For each of those tables I ran tests corresponding to the permutations

of these three variables:

Index type:

uniq = CREATE UNIQUE INDEX ("u" tables only, ie no duplicates)

nonu = CREATE INDEX ("u" and "d" tables)

Maintenance memory: 1M, 64MB, 256MB, 512MB

Workers: from 0 up to 8

Environment: EDB test machine "cthulhu", Intel(R) Xeon(R) CPU E7-

8830 @ 2.13GHz, 8 socket, 8 cores (16 threads) per socket, CentOS

7.2, Linux kernel 3.10.0-229.7.2.el7.x86_64, 512GB RAM, pgdata on SSD.

Database initialised with en_US.utf-8 collation, all defaults except

max_wal_size increased to 4GB (otherwise warnings about too frequent

checkpoints) and max_parallel_workers_maintenance = 8. Testing done

with warm OS cache.

I applied your v2 patch on top of

7ac4a389a7dbddaa8b19deb228f0a988e79c5795^ to avoid a conflict.
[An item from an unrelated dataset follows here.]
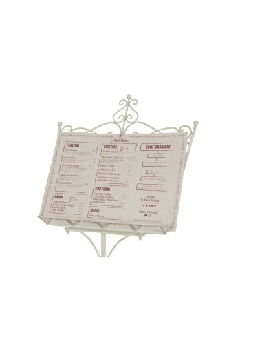 Pratico e molto stabile leggio da terra L46xPR32xH139 cm realizzato in ferro battuto pieno. Regolabile in altezza da un minimo di 120 cm ad un massimo di 165 cm (misure riferite al massimo ingombro dell'articolo), rappresenta un complemento di arredo versatile ed elegante. Molto indicato anche come porta menù per ristoranti trattorie.
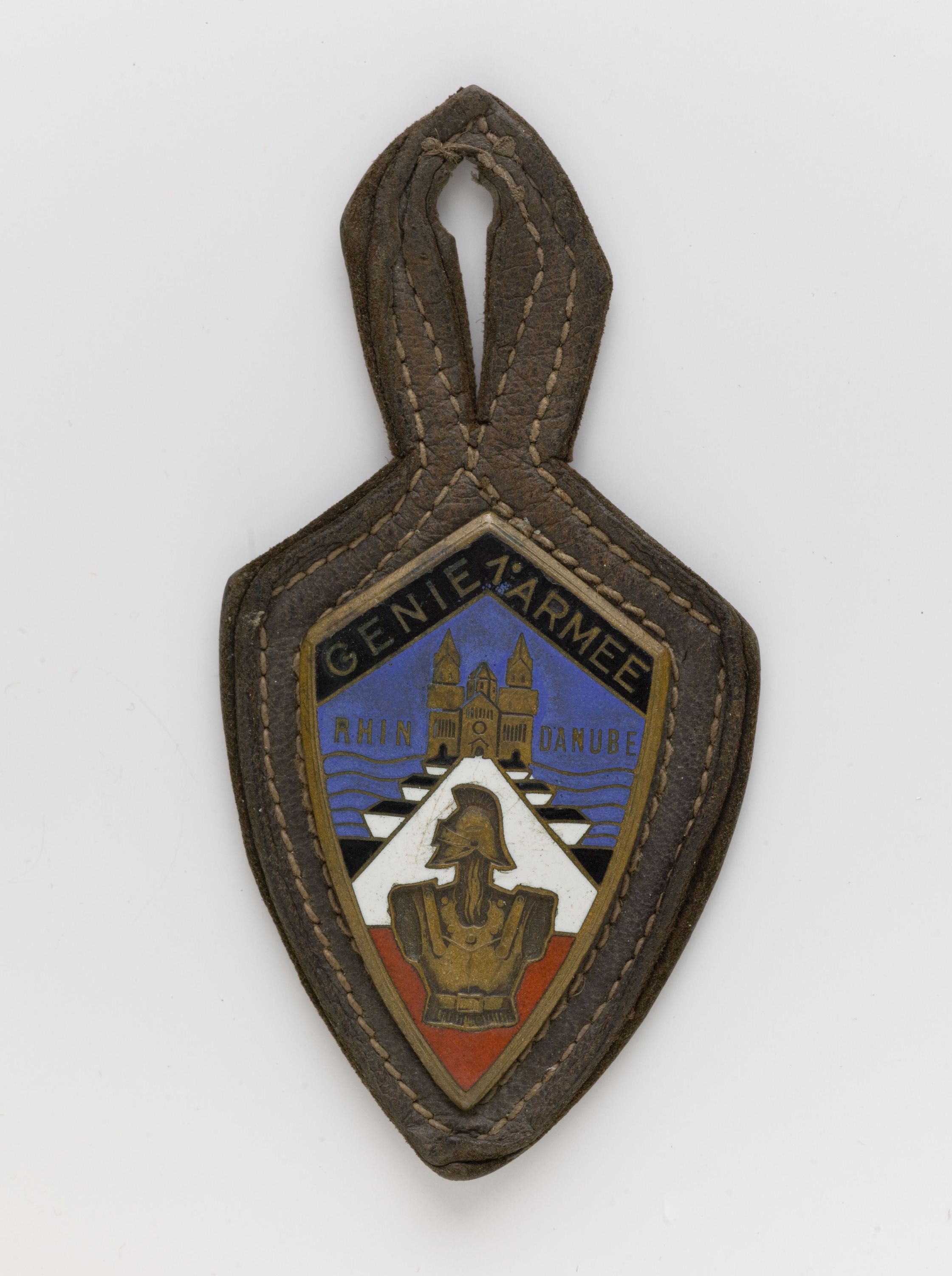 Epingle verticale arrière - maintenue par une pastille arrondie - modifiée en deux pattes métalliques repliées. Patte en cuir de confection locale, boutonnière de suspension intégrée (coutures sur le pourtour de cette dernière et sur celui de la pièce de cuir, doublées en bas, autour de l'insigne).

It

still had a couple of harmless conflicts that I was able to deal with

(not code, just some header stuff moving around).
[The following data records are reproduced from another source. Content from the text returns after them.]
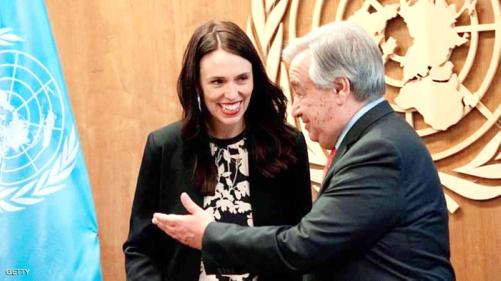 أرديرن مع الأمين العام داخل مبنى الأمم المتحدة.
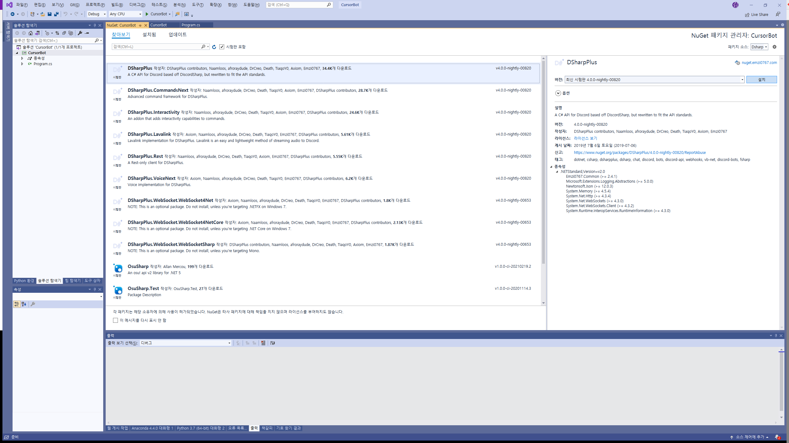 DSharp이라고 부르는 저 라이브러리는 NuGet 패키지에 올라와 있으므로 설치를 할 것입니다.
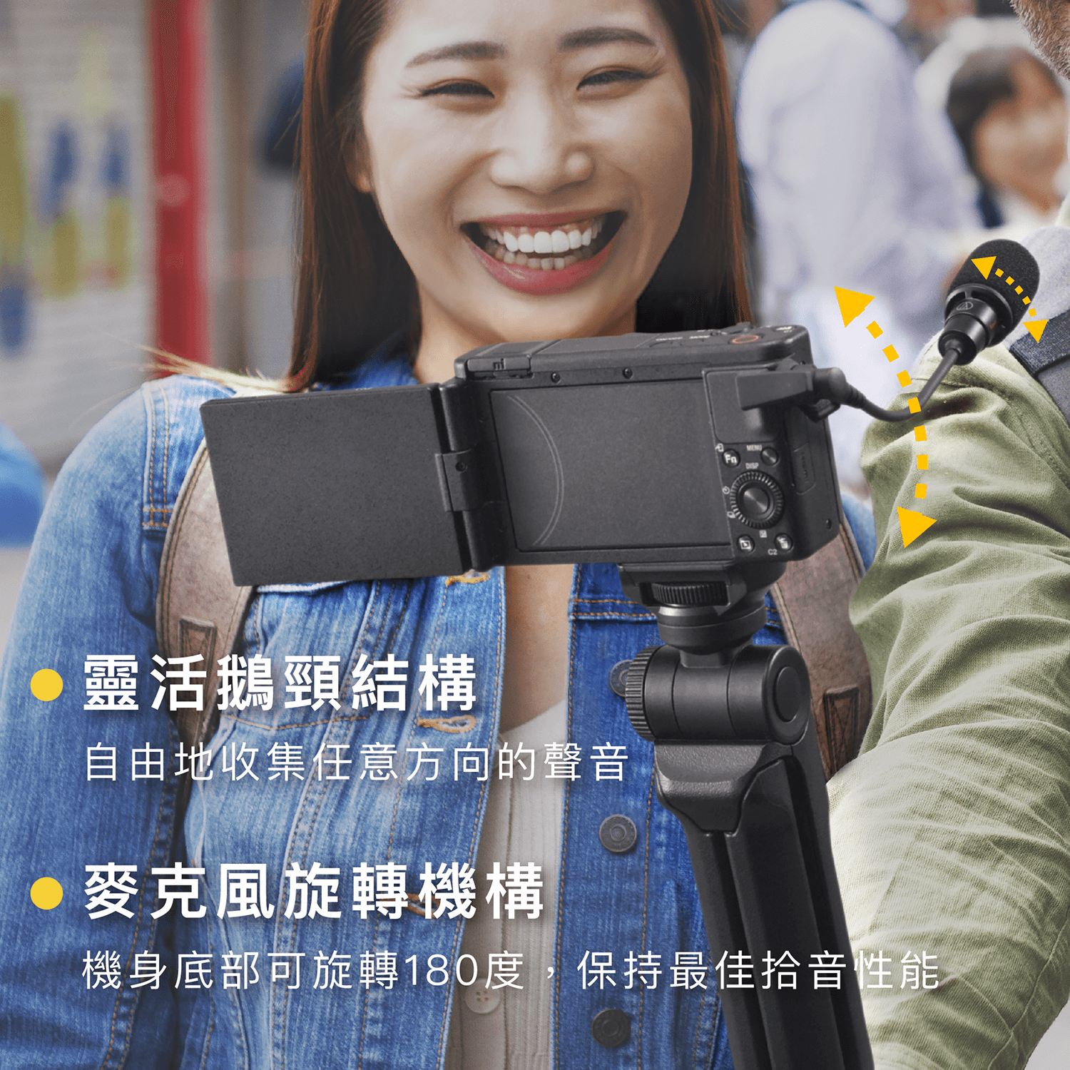 可隨意調整的鵝頸設計,不僅可以收集相機鏡頭朝向的聲音,還可以收集鏡頭以外方向的聲音,十分適合自拍。透過將麥克風調整到想要收音的方向,能確認收錄聲音的音量與聲音品質的穩定。
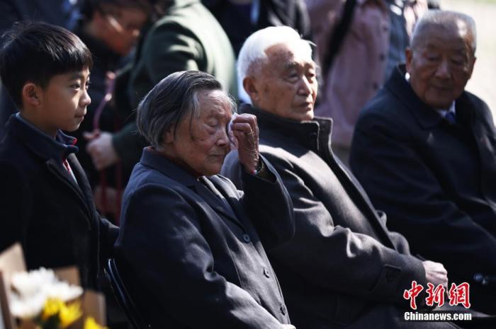 2021年4月4日,“南京大屠杀死难者遗属2021年清明祭仪式”在侵华日军南京大屠杀遇难同胞纪念馆“哭墙”前举行。图为南京大屠杀幸存者夏淑琴(左二)参加清明祭仪式。中新社记者 泱波 摄
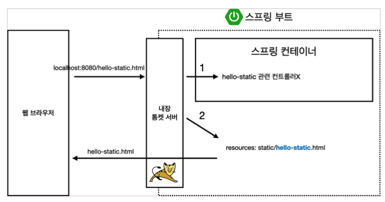 1) 우선 Client 측에서 /hello-static.html 라는 URI를 통해 요청하면, 톰캣이 이를 인지한다.

See full results from all permutations attached, but I wanted to

highlight the measurements from 'textwide', 'u', 'nonu' which show

interesting 'asc' numbers (data already sorted). The 'mem' column is

maintenance_work_mem in megabytes. The 'w = 0' column shows the time

in seconds for parallel_workers = 0. The other 'w = N' columns show

times with higher parallel_workers settings, represented as speed-up

relative to the 'w = 0' time.

1. 'asc' = pre-sorted data (w = 0 shows time in seconds, other columns

show speed-up relative to that time):

mem | w = 0 | w = 1 | w = 2 | w = 3 | w = 4 | w = 5 | w = 6 | w = 7 | w = 8

-----+--------+-------+-------+-------+-------+-------+-------+-------+-------

1 | 119.97 | 4.61x | 4.83x | 5.32x | 5.61x | 5.88x | 6.10x | 6.18x | 6.09x

64 | 19.42 | 1.18x | 1.10x | 1.23x | 1.23x | 1.16x | 1.19x | 1.20x | 1.21x

256 | 18.35 | 1.02x | 0.92x | 0.98x | 1.02x | 1.06x | 1.07x | 1.08x | 1.10x

512 | 17.75 | 1.01x | 0.89x | 0.95x | 0.99x | 1.02x | 1.05x | 1.06x | 1.07x

2. 'rand' = randomised data:

mem | w = 0 | w = 1 | w = 2 | w = 3 | w = 4 | w = 5 | w = 6 | w = 7 | w = 8

-----+--------+-------+-------+-------+-------+-------+-------+-------+-------

1 | 130.25 | 1.82x | 2.19x | 2.52x | 2.58x | 2.72x | 2.72x | 2.83x | 2.89x

64 | 117.36 | 1.80x | 2.20x | 2.43x | 2.47x | 2.55x | 2.51x | 2.59x | 2.69x

256 | 124.68 | 1.87x | 2.20x | 2.49x | 2.52x | 2.64x | 2.70x | 2.72x | 2.75x

512 | 115.77 | 1.51x | 1.72x | 2.14x | 2.08x | 2.19x | 2.31x | 2.44x | 2.48x

3. 'desc' = reverse-sorted data:

mem | w = 0 | w = 1 | w = 2 | w = 3 | w = 4 | w = 5 | w = 6 | w = 7 | w = 8

-----+--------+-------+-------+-------+-------+-------+-------+-------+-------

1 | 115.19 | 1.88x | 2.39x | 2.78x | 3.50x | 3.62x | 4.20x | 4.19x | 4.39x

64 | 112.17 | 1.85x | 2.25x | 2.99x | 3.63x | 3.65x | 4.01x | 4.31x | 4.62x

256 | 119.55 | 1.76x | 2.21x | 2.85x | 3.43x | 3.37x | 3.77x | 4.24x | 4.28x

512 | 119.50 | 1.85x | 2.19x | 2.87x | 3.26x | 3.28x | 3.74x | 4.24x | 3.93x

The 'asc' effects are much less pronounced when the key is an int.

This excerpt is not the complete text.